- Collected material
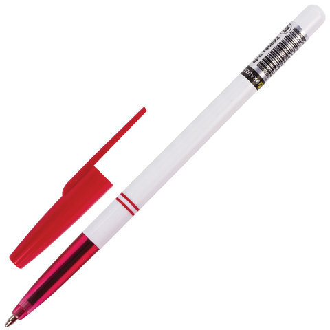 Ручка шариковая BRAUBERG "Офисная", КРАСНАЯ, корпус белый, узел 1 мм, линия письма 0,5 мм, 140892
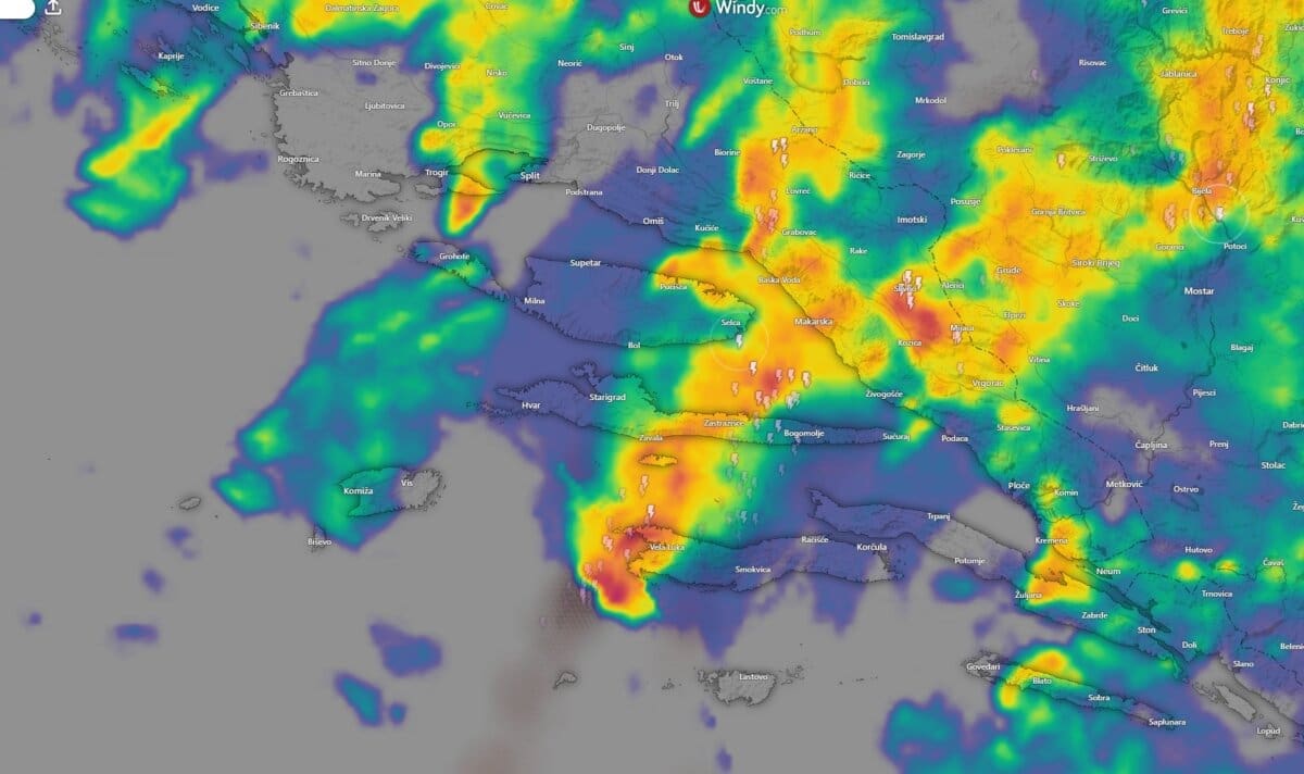 Nakon što je posljednja dva dana donijela obilne oborine sjevernom Jadranu, Lici i Gorskom kotaru, jače oborine u četvrtak navečer zahvatile su dijelove Dalmacije.
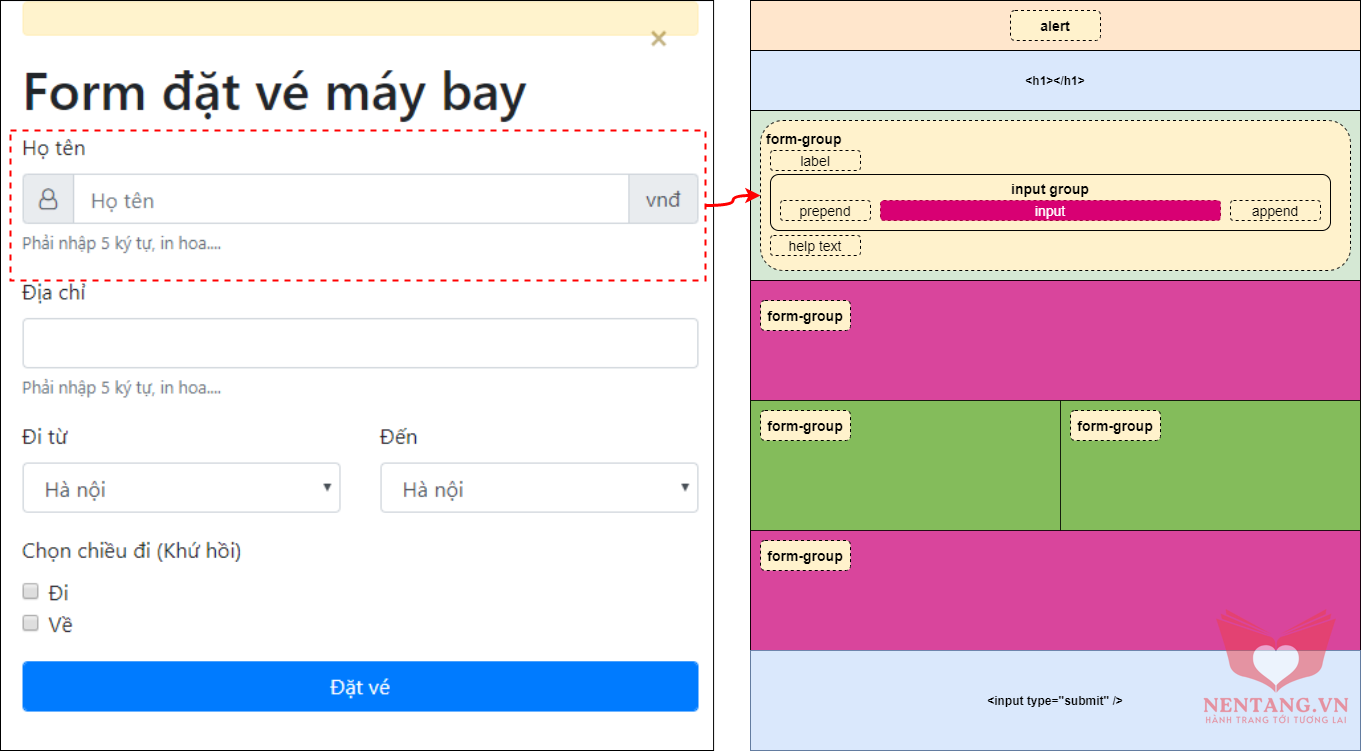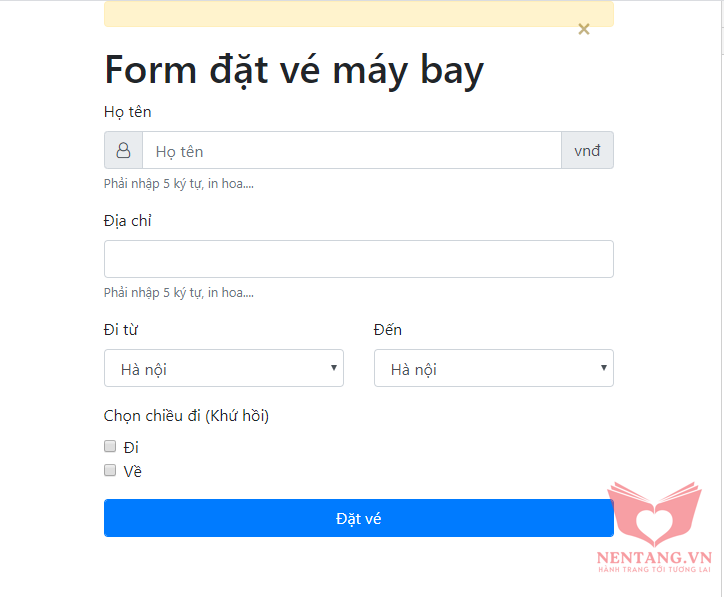 <h1>Form đặt vé máy bay</h1>

- Action item
The material above holds pictures; copy everything else in it exactly.

- Task answer
 Ручка шариковая BRAUBERG "Офисная", КРАСНАЯ, корпус белый, узел 1 мм, линия письма 0,5 мм, 140892
 Nakon što je posljednja dva dana donijela obilne oborine sjevernom Jadranu, Lici i Gorskom kotaru, jače oborine u četvrtak navečer zahvatile su dijelove Dalmacije.
 <h1>Form đặt vé máy bay</h1>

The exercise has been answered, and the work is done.